House Democrats have said they are down to a final few issues as they negotiate with the administration on the U.S.-Mexico-Canada Agreement (USMCA). Pelosi added over the Thanksgiving recess that they were “within range” of an agreement.
“Now, we need to see our progress in writing from the Trade Representative for final review,” Pelosi said in a statement.
The Trump administration and top Republicans have stepped up their public criticism of Pelosi as it becomes increasingly likely that the trade agreement will not see movement on Capitol Hill by the end of December.
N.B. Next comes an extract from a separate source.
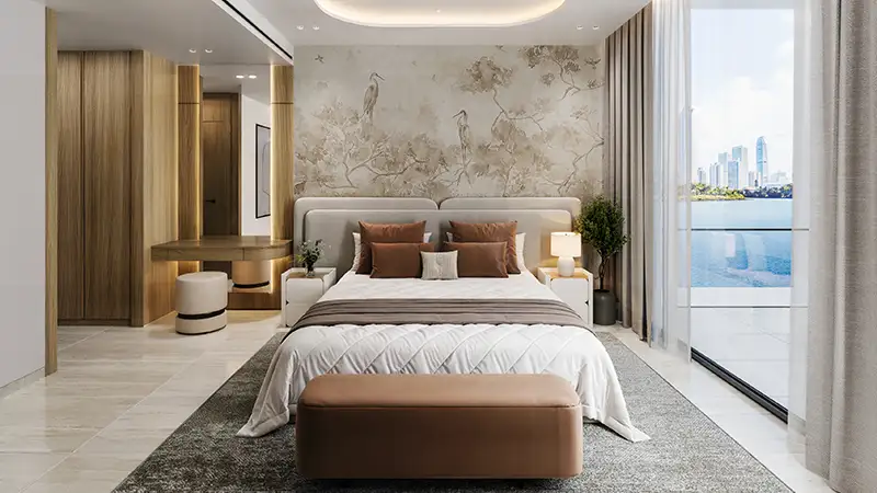 With an exclusive collection of 131 residences, every abode is placed to offer privacy and a serene environment with quieter corridors and a sense of luxurious living. Every unit has been crafted with a smart home system and fully furnished rooms, where you will have control over lighting, temperature, and security by just touch or voice commands. This includes energy-efficient features, built-in security, voice & touch control, and custom lighting & temperature settings. The living room of each unit is extravagantly spacious with huge windows that are framed by the horizon of sea, island, and the city, while the double-height balconies open to the sunlight and breathtaking vistas. All the fully furnished bedrooms come with walk-in closets, branded pieces, and an impressively cosy and calm ambience for relaxation.
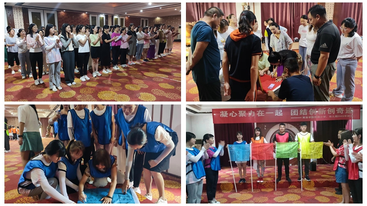 团建活动分为《破冰游戏》《团队密码》《挑战平行线》《智勇闯三关》和《生命动力圈》五个环节。在活动中教职工们通力协作、积极探索、激发了个人潜能,增强自信和自制能力,培养了创造性思维,熔炼了团队精神。

Once the implementation legislation is introduced, the House has to vote on it within 60 session days, though lawmakers think they could move faster if there’s a bipartisan deal.
Pelosi has opened the door to the negotiations dragging into 2020. Supporters worry that pushing it past December makes it more likely the trade deal will get derailed by presidential campaign politics and stuck permanently in legislative purgatory.
Senate Majority Leader Mitch McConnell (R-Ky.) recently lashed out at Pelosi in a tweet, saying the House Democratic leader was to blame for the USMCA being “stalled.”
“Lots of talk, but no action for American workers,” he added.
VAWA
Top negotiators in the Senate say they want to get a deal on the Violence Against Women Act (VAWA) by the end of the year.
Sens. Dianne Feinstein (D-Calif.) and Joni Ernst (R-Iowa) have introduced competing versions of legislation to reauthorize VAWA after their talks aimed at finding a bipartisan bill unraveled.
The House-passed bill, which is the legislation that Feinstein reintroduced in the Senate, has drawn opposition from the National Rifle Association and Republicans because of a provision that eliminated the so-called boyfriend loophole by expanding a current ban on firearm purchases for spouses or formerly married partners convicted of abuse or under a restraining order to include dating partners who were never legally married.
LGBT and tribal sovereignty provisions are also viewed as two other sticking points.
Ernst and Feinstein sparred over the bill shortly before the recess but publicly pledged to try to find a deal by the end of December.
“I think that by the end of the year, we should find something that will work to reauthorize this very, very important piece of legislation,” Ernst said.
VAWA, which provides funding and grants for domestic abuse programs, lapsed in February after it was left out of a funding bill that ended the partial government shutdown.